## Exercise directions
Restate the listing word for word. Stop at the line that holds "Fantasy Cut Sapphire", include it, and leave out all pictures.

## Supplied material
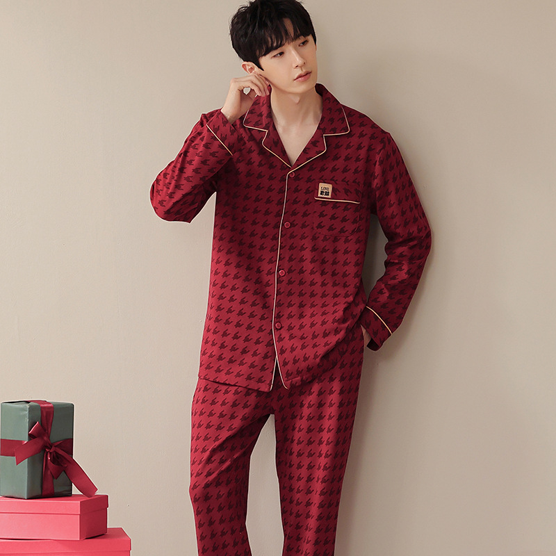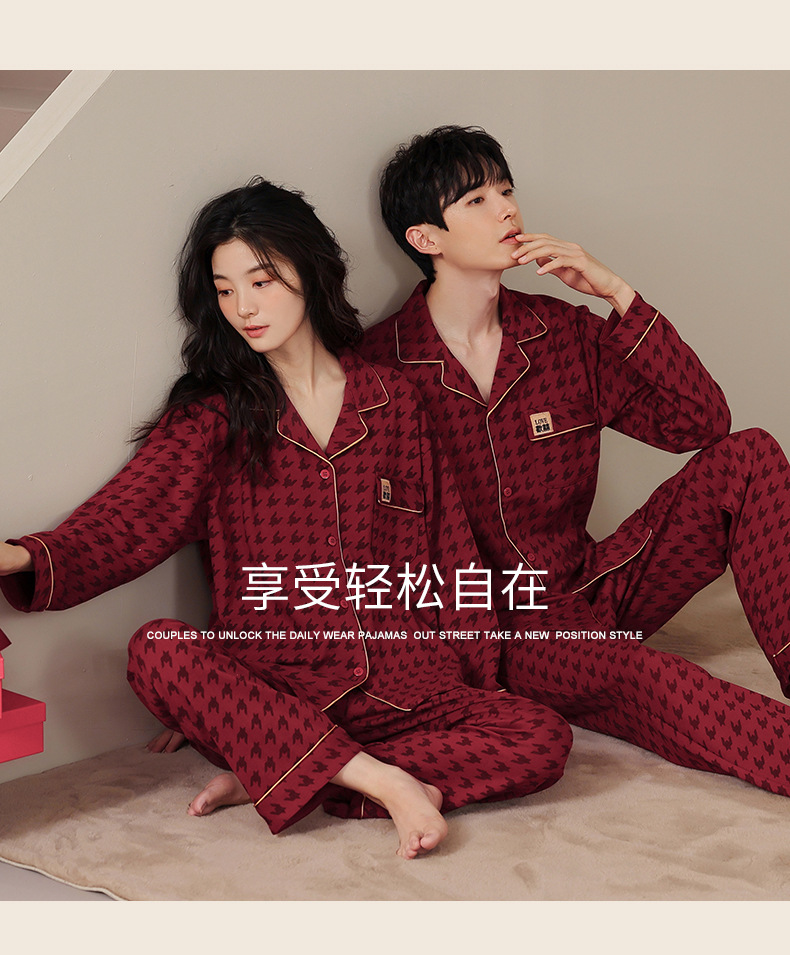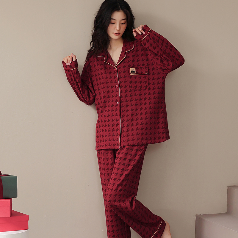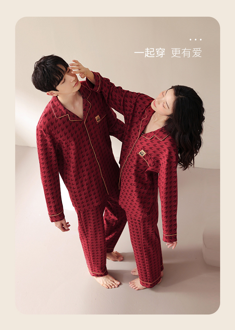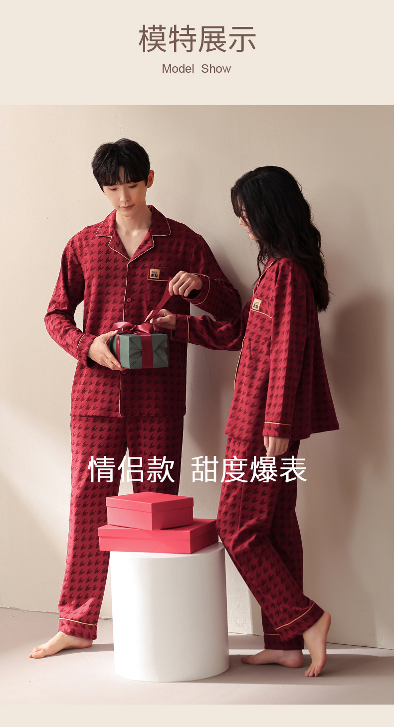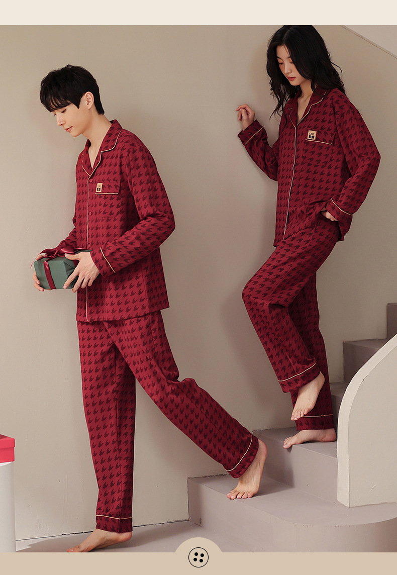 웨딩 커플 잠옷 여성의 봄과 가을면 긴팔 카디건 레드 축제 해 남자 홈 의류 세트스토어 가기
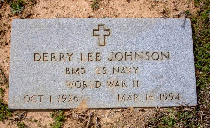 | Johnson, Derry Lee - NEW PHOTOS 6-28-2007 | Oct. 1, 1926 | Mar. 16, 1994 | Double Stone with Lena Laverne Johnson "WED JULY 1, 1949" Also a Military Stone "BM3 US NAVY" "WORLD WAR II" Christian Cross emblem [s/o Doyle & Nolia Johnson] | BB & NJ |
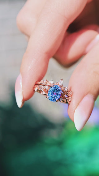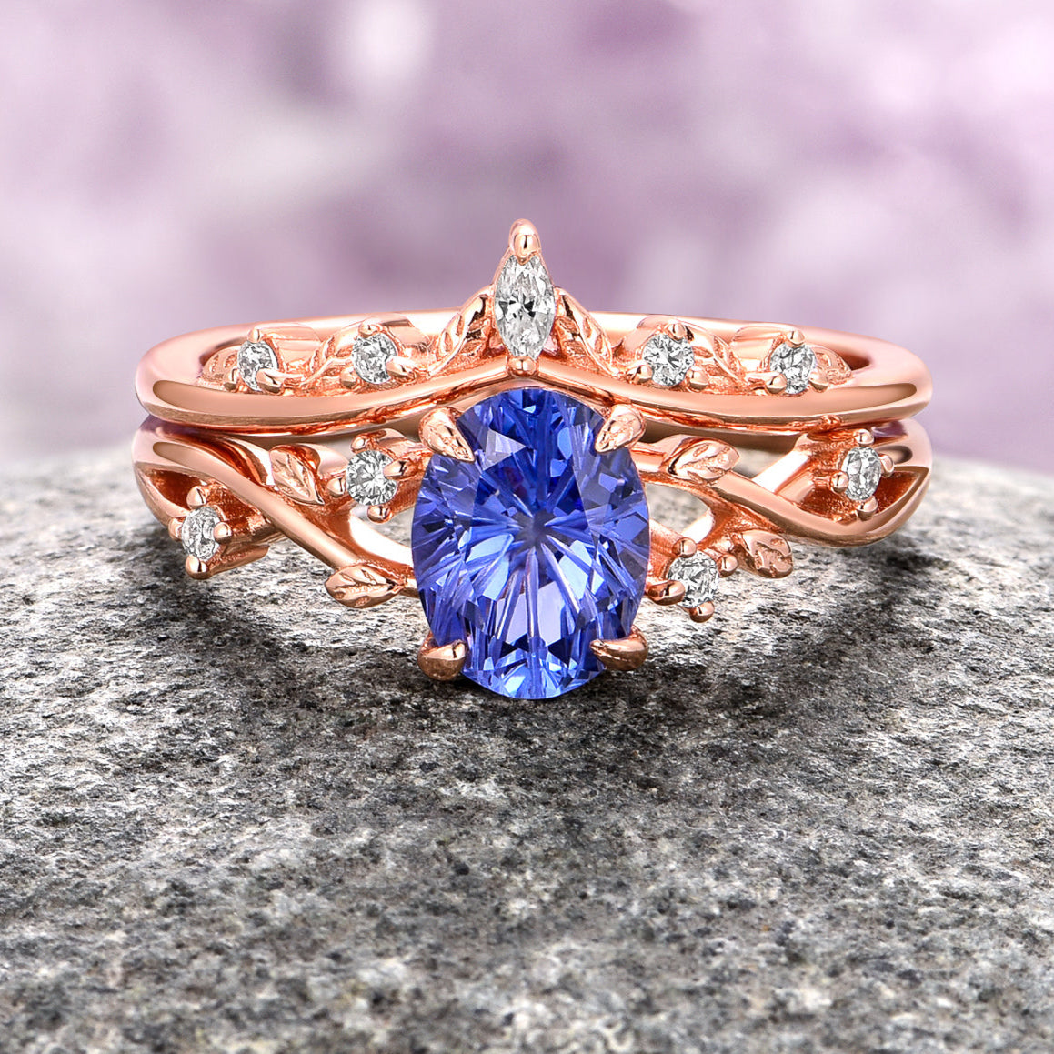 Fantasy Cut Sapphire Leaf Ring Set- 14K Solid Rose Gold
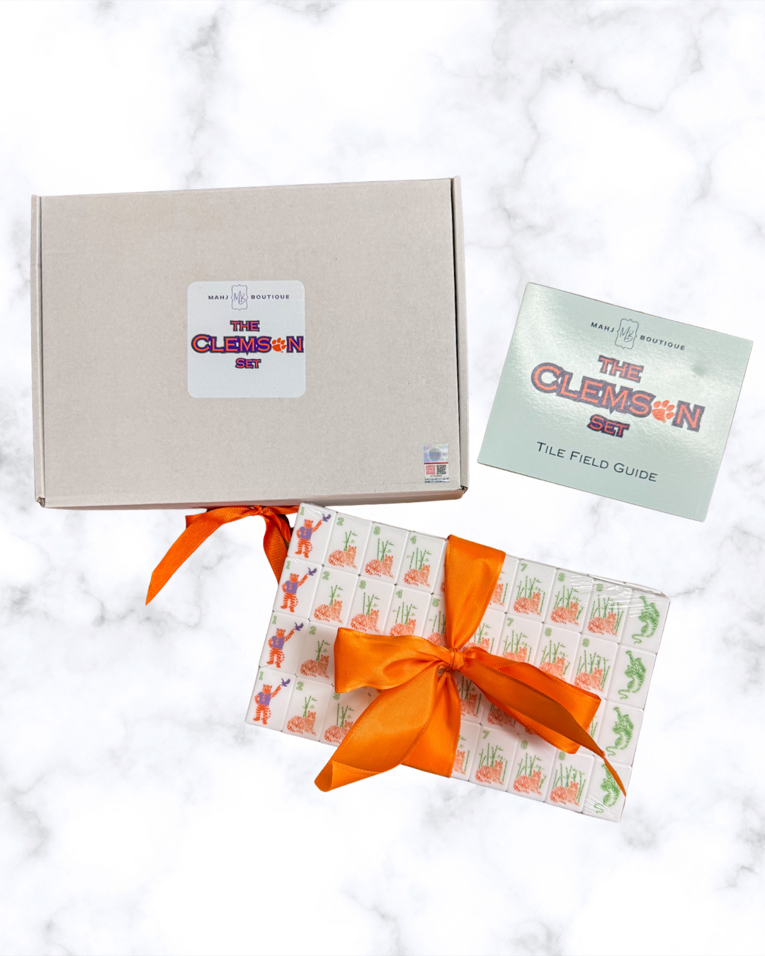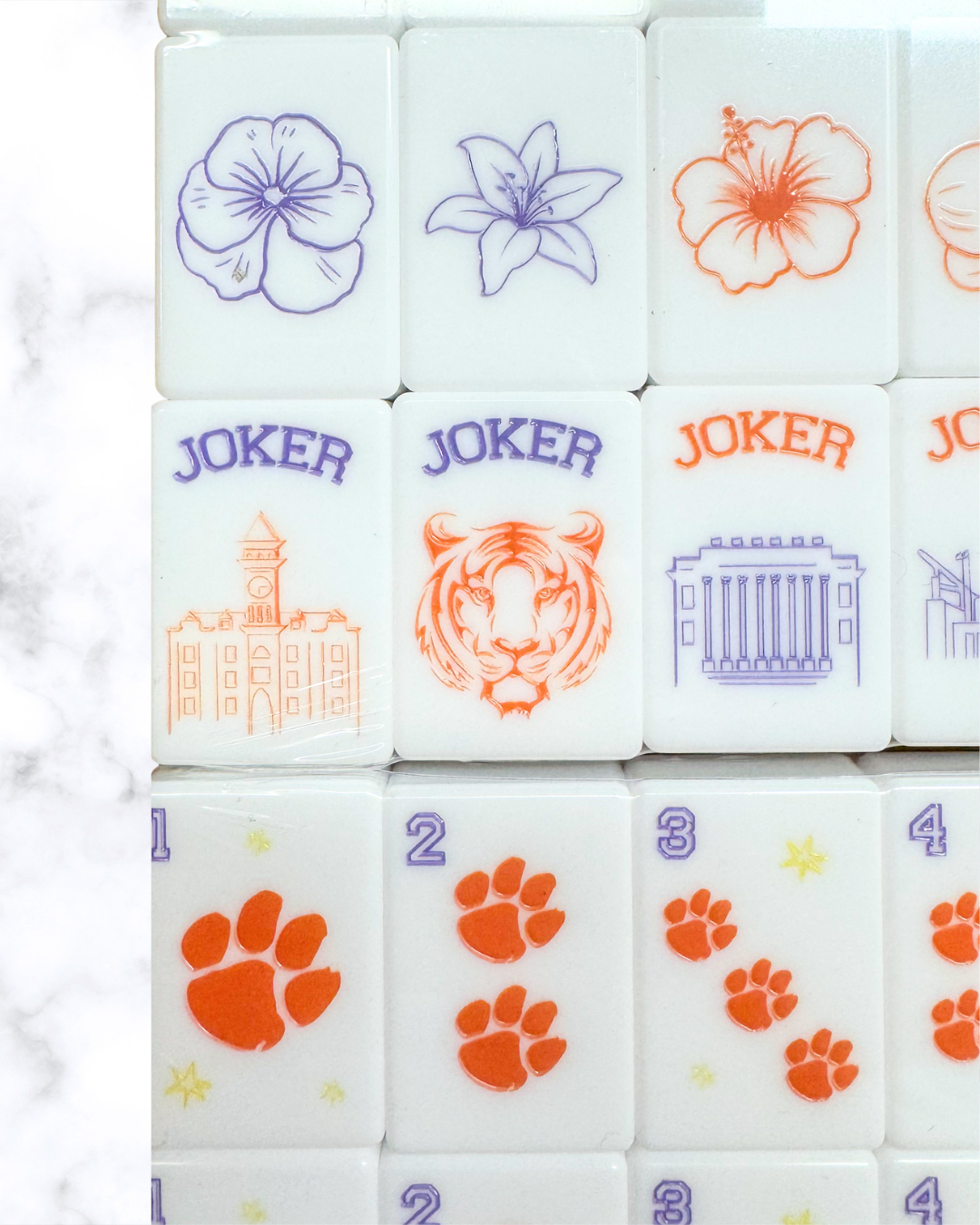 Blend school spirit with your favorite game. This fun mix of classic mahjong and touches of spirit comes together in this luxury set. Engraved and hand painted tiles are perfect to bring to your next mahjong event. Whether you are an alumni, fan, or just someone who loves Clemson and mahjong - These are for you!

## Written answer
 웨딩 커플 잠옷 여성의 봄과 가을면 긴팔 카디건 레드 축제 해 남자 홈 의류 세트스토어 가기
 | Johnson, Derry Lee - NEW PHOTOS 6-28-2007 | Oct. 1, 1926 | Mar. 16, 1994 | Double Stone with Lena Laverne Johnson "WED JULY 1, 1949" Also a Military Stone "BM3 US NAVY" "WORLD WAR II" Christian Cross emblem [s/o Doyle & Nolia Johnson] | BB & NJ |
 Fantasy Cut Sapphire Leaf Ring Set- 14K Solid Rose Gold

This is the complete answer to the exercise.